··· Material provided

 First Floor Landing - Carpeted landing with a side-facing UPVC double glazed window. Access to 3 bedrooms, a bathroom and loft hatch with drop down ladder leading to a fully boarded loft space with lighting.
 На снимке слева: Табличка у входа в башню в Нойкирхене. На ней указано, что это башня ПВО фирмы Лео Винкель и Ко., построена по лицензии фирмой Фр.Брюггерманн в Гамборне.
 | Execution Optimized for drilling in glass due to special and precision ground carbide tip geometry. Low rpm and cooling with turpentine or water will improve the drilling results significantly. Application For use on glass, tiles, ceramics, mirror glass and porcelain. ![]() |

······
··· Material provided

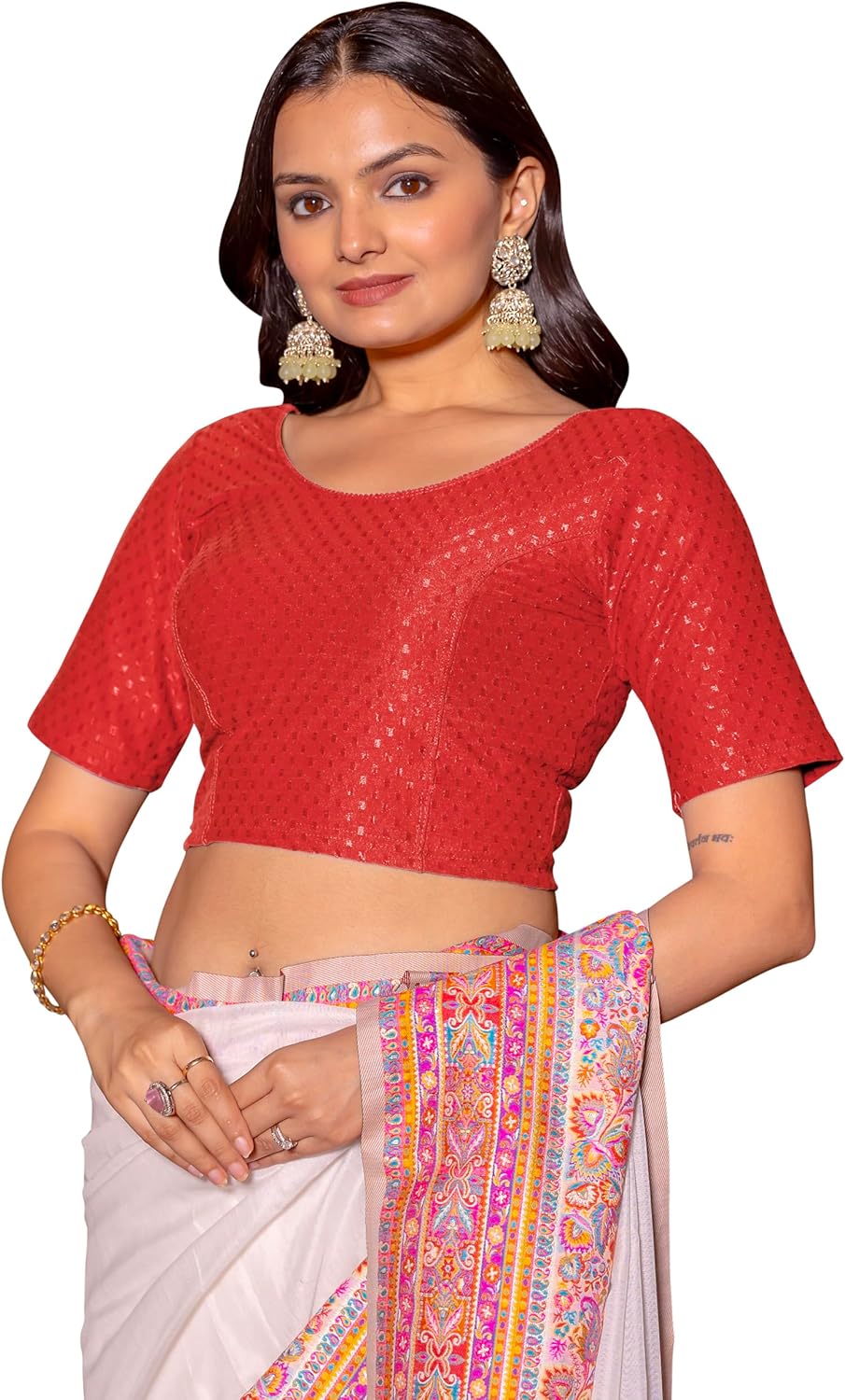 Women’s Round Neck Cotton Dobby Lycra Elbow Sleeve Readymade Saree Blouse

······
··· Material provided

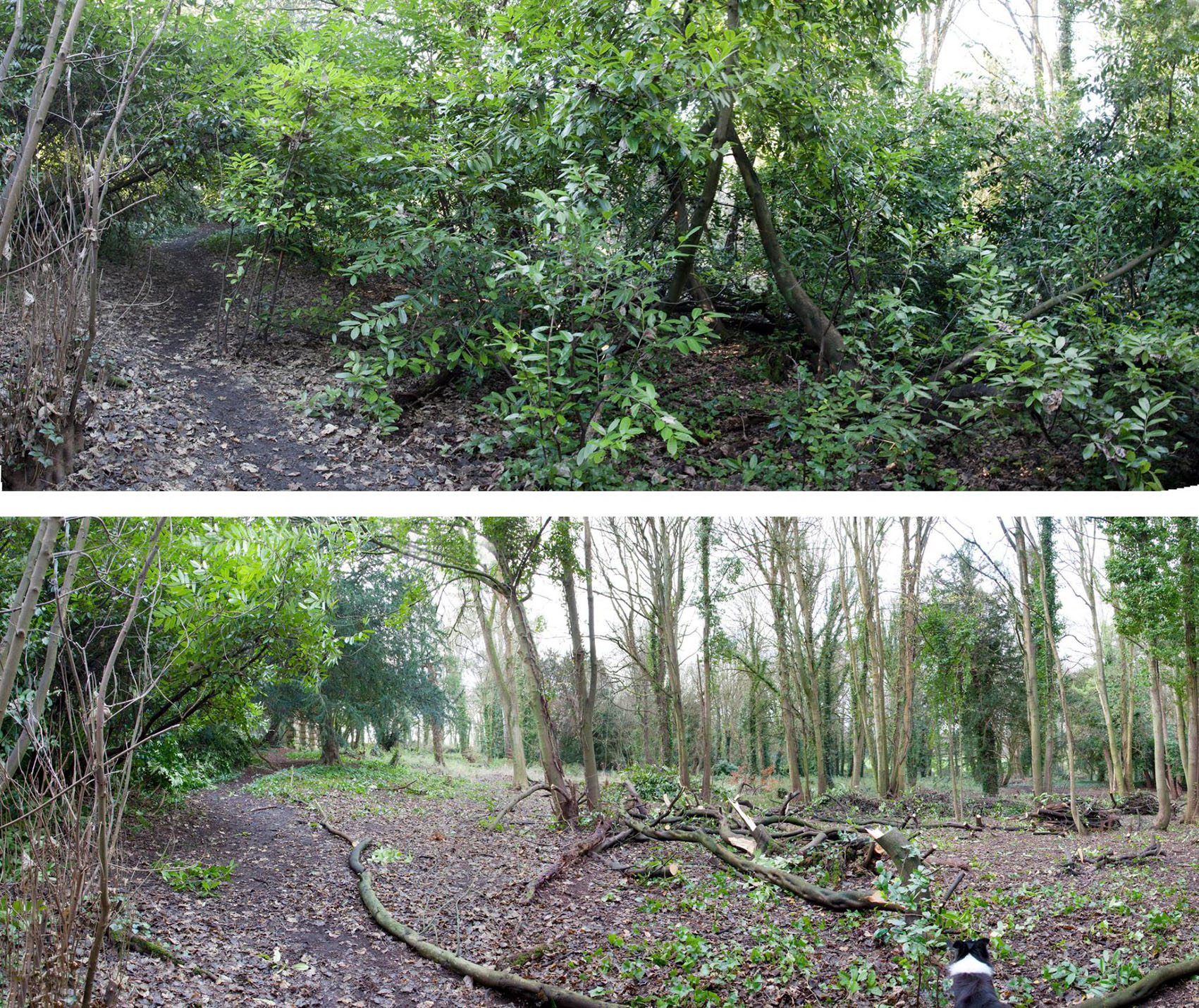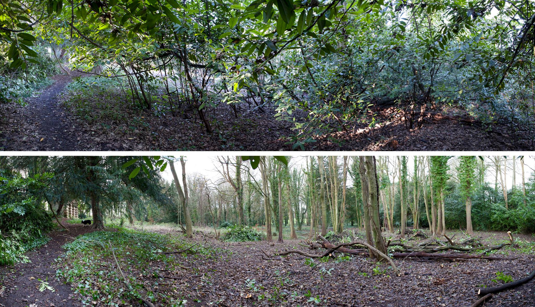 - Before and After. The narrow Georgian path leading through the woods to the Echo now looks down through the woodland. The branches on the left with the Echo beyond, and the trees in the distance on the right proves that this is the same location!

······

What you have to do: What you return should be exactly the lines above, starting at the one with "First Floor Landing" and ending at the one with "porcelain. ![]() |", and nothing else.

Reply:
 First Floor Landing - Carpeted landing with a side-facing UPVC double glazed window. Access to 3 bedrooms, a bathroom and loft hatch with drop down ladder leading to a fully boarded loft space with lighting.
 На снимке слева: Табличка у входа в башню в Нойкирхене. На ней указано, что это башня ПВО фирмы Лео Винкель и Ко., построена по лицензии фирмой Фр.Брюггерманн в Гамборне.
 | Execution Optimized for drilling in glass due to special and precision ground carbide tip geometry. Low rpm and cooling with turpentine or water will improve the drilling results significantly. Application For use on glass, tiles, ceramics, mirror glass and porcelain. ![]() |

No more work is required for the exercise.